Akbar smiles. ‘These concentric circles are walls. Invisible ones. Defences that insulate al-Qaeda leaders who are on the run from the Americans.’

‘What al-Qaeda leaders?’

Akbar holds his gaze.

Mikal smokes the cigarette in silence for almost a minute, holding it between the tips of the thumb and the second finger. Then he says, ‘In this house?’

‘Yes.’

‘Where?’

‘The entire wing on the southern side.’

Now Mikal knows why the doors there are of welded metal.

‘When I brought you here there were objections, concerns that you could be a spy. They said they wouldn’t pay the agreed sum for the use of the wing, that they would leave immediately.’

‘I didn’t realise I was so … discussed . I live mostly inside my head.’

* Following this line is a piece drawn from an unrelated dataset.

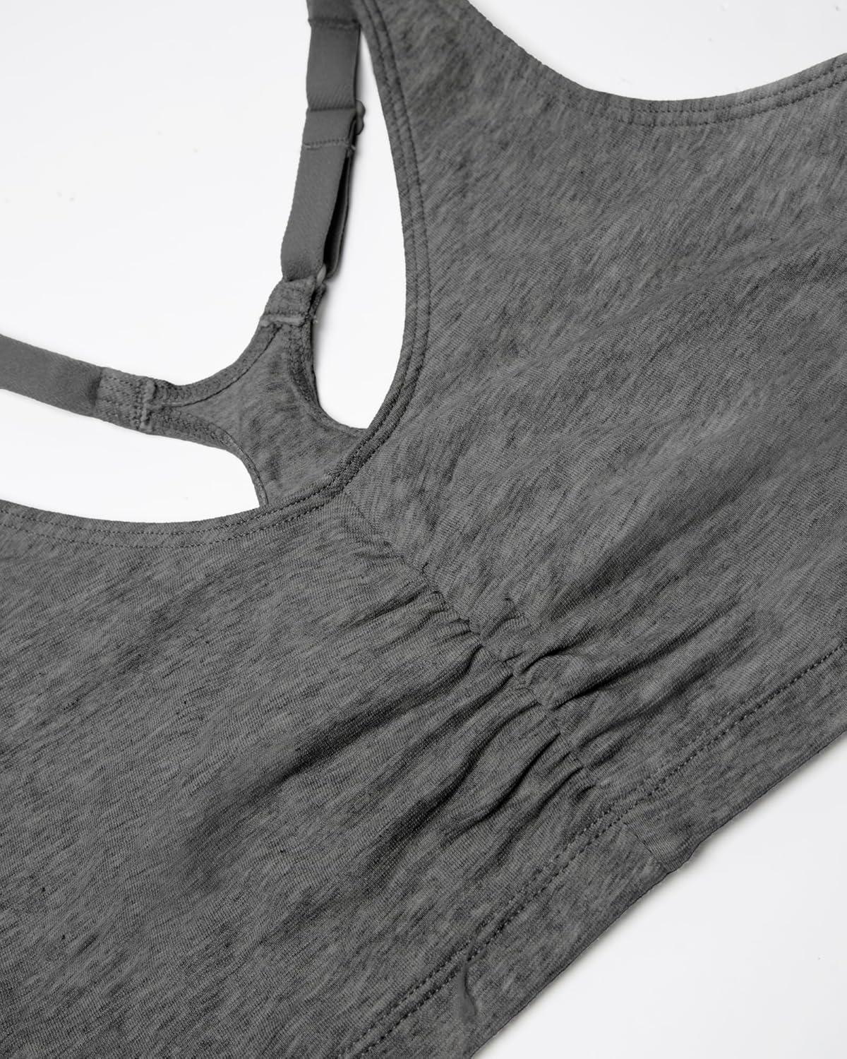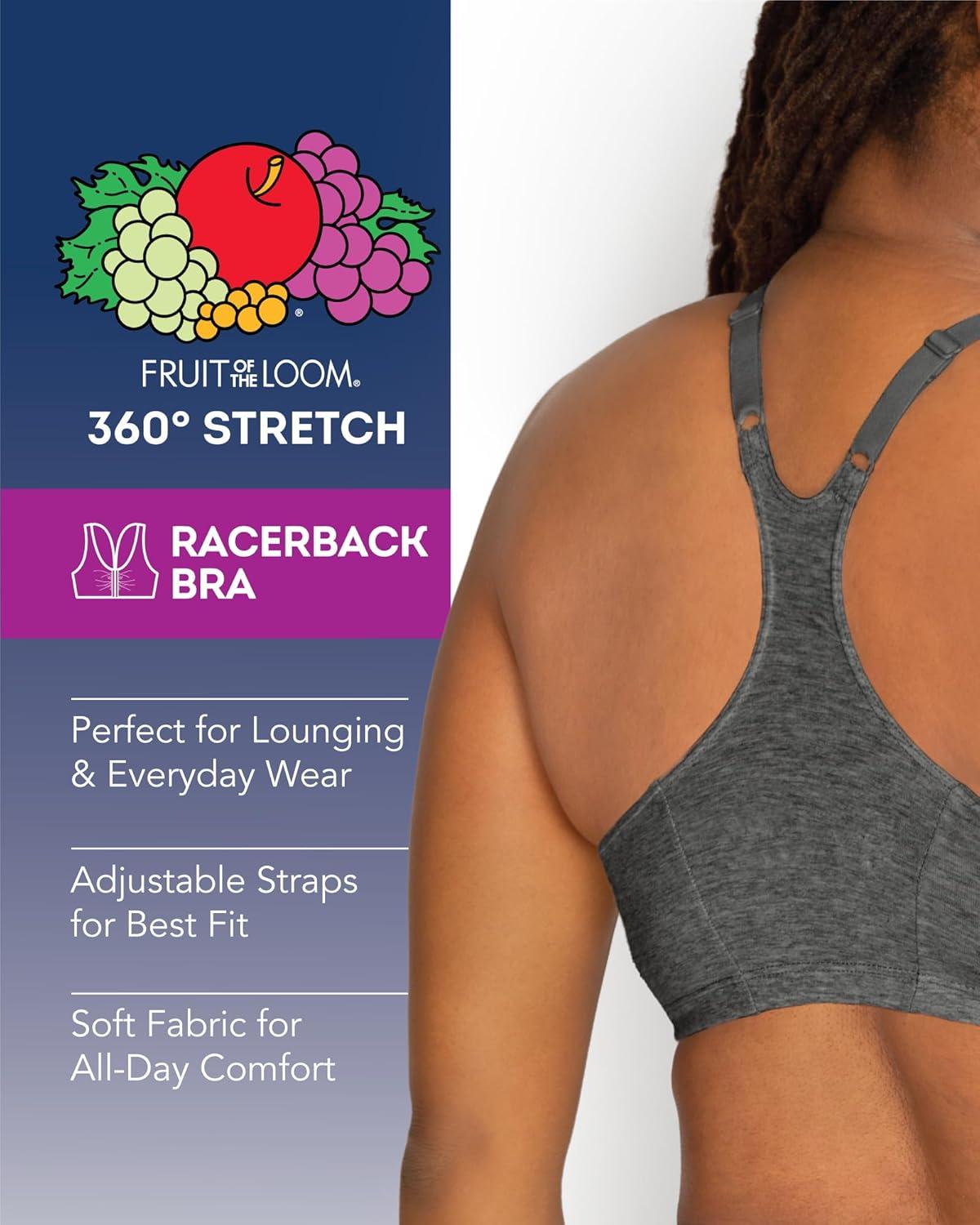 Fruit of the Loom Women’s Adjustable Shirred Front Racerback Sports Bra, Multi Pack Options(Heather Grey/White/Black/Heather Grey/White/Black 6-pack)

‘I told them how the Americans had tortured you at the brick factory, how you had killed two of them, how you lost your fingers to infidel-in-all-but-name Muslims who were fighting for the Americans. So they reconsidered.’

‘I don’t know them but I know you, and I would never betray your trust.’

‘When I told them you were a fugitive, having killed two Americans, they became unhappy for another reason. They said you will betray them to the Americans in exchange for having your own crimes pardoned.’

Mikal smokes, the red light opening and closing before his face.

‘It is an understandable reaction,’ Akbar shrugs. ‘They are being hunted and have to think of every possibility. Two of them worked with you in the gun factory one afternoon and they were very taken by your seriousness. They had had trouble believing you shot anyone with those hands, but when they saw you at work they finally believed it.’ Akbar gets up and turns out the light and walks back to his bed in the darkness. ‘I don’t want you to worry. The Pakistani military is helping the Americans hunt down al-Qaeda heroes in these parts, but those circles of protection mean enough of an early warning in the event of a raid.’

Out there the light of the moon dissolves all hardness from the world and the grasses are becoming milk and murmuring, and the bats are plunging through the leaves in their soft songless flight.

‘Is that why your father doesn’t like me? All these suspicions.’

‘My father likes you,’ Akbar says after a while.